> **EXERCISE GOAL**:
Exact reproduction is required for the lines below starting at the line with "天骐物业专门设置了清洗区域,物业工作人员" and ending at the line with "En mjuk docka", both included. No other lines, and no pictures.

==== PROVIDED INFORMATION ====

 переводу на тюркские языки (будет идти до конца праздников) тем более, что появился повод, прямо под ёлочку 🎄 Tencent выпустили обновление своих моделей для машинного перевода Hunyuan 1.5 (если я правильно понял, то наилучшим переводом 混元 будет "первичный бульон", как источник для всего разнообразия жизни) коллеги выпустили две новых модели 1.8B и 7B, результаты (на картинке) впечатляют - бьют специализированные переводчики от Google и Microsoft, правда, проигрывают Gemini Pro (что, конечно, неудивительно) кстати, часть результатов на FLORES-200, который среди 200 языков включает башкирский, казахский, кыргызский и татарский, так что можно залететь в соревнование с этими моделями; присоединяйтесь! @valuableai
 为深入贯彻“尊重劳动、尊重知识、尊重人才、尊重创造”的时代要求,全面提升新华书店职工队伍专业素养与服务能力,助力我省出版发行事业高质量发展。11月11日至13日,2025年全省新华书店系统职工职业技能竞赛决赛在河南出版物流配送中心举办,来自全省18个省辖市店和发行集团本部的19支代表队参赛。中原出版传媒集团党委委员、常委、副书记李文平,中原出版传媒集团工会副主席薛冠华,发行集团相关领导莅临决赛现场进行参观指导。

====
==== PROVIDED INFORMATION ====

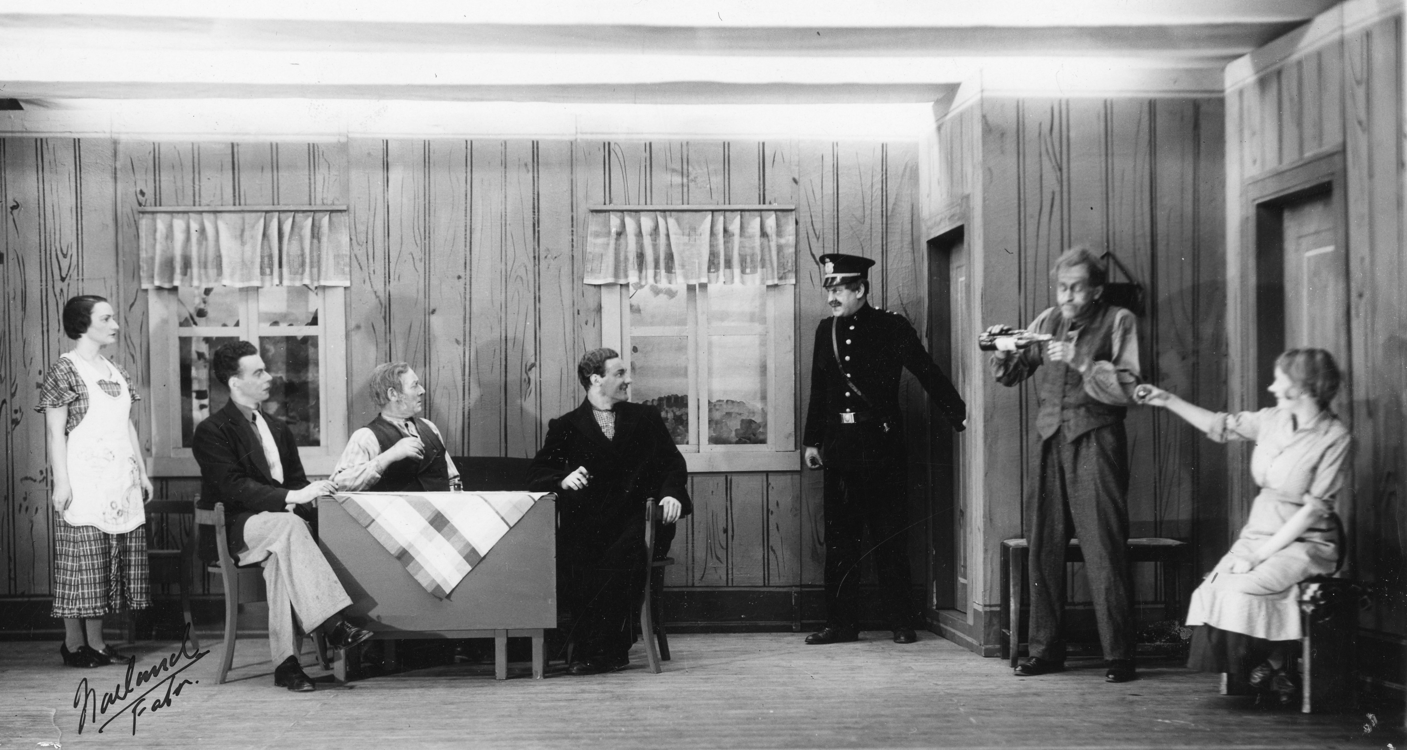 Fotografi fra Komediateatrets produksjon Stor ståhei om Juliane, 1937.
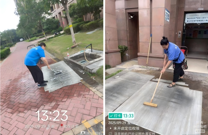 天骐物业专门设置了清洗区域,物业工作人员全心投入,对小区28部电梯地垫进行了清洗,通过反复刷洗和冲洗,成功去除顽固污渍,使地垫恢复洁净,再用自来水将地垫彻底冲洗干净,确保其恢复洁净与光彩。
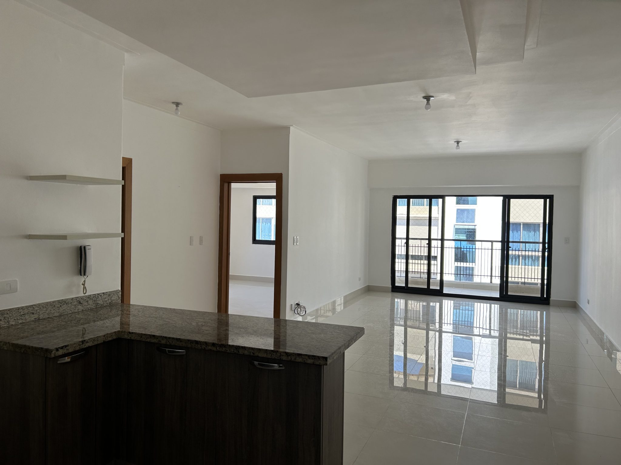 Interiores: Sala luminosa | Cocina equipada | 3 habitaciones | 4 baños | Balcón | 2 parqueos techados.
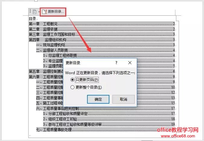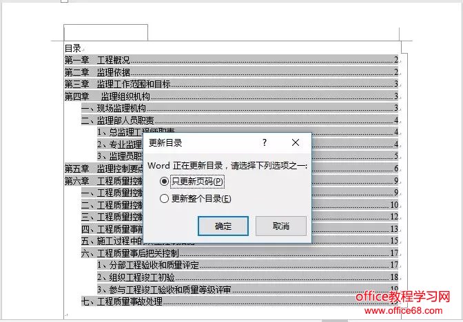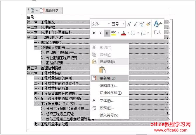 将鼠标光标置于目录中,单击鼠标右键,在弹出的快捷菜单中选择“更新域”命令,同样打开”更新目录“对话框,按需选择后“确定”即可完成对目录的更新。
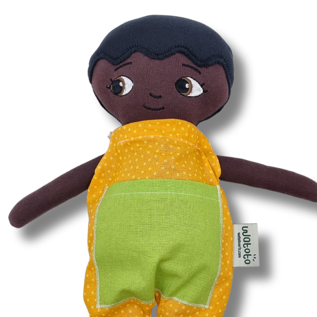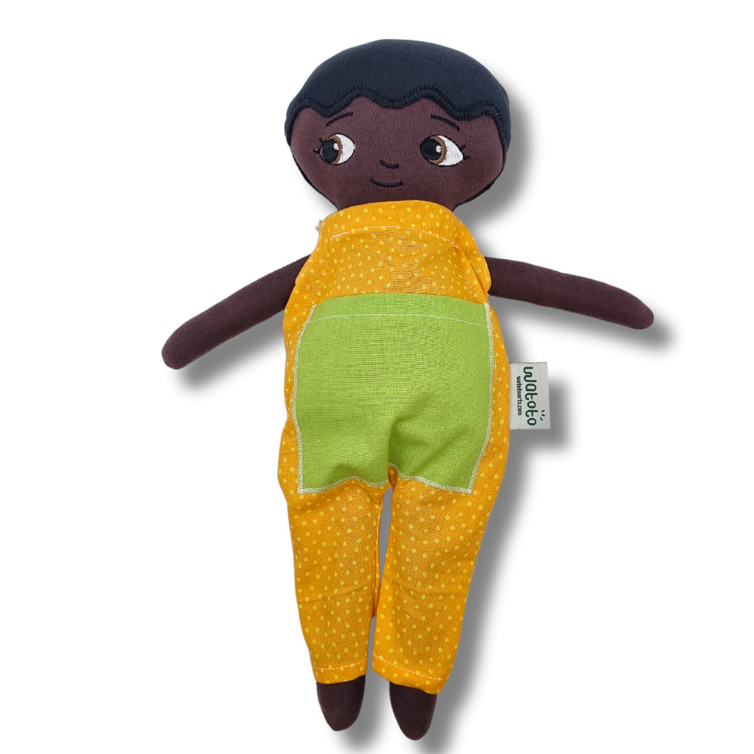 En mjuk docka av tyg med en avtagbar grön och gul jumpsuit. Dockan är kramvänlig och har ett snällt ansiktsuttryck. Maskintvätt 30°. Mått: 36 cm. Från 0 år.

====

> **EXERCISE RESULT**:
 天骐物业专门设置了清洗区域,物业工作人员全心投入,对小区28部电梯地垫进行了清洗,通过反复刷洗和冲洗,成功去除顽固污渍,使地垫恢复洁净,再用自来水将地垫彻底冲洗干净,确保其恢复洁净与光彩。
 Interiores: Sala luminosa | Cocina equipada | 3 habitaciones | 4 baños | Balcón | 2 parqueos techados.
 将鼠标光标置于目录中,单击鼠标右键,在弹出的快捷菜单中选择“更新域”命令,同样打开”更新目录“对话框,按需选择后“确定”即可完成对目录的更新。
 En mjuk docka av tyg med en avtagbar grön och gul jumpsuit. Dockan är kramvänlig och har ett snällt ansiktsuttryck. Maskintvätt 30°. Mått: 36 cm. Från 0 år.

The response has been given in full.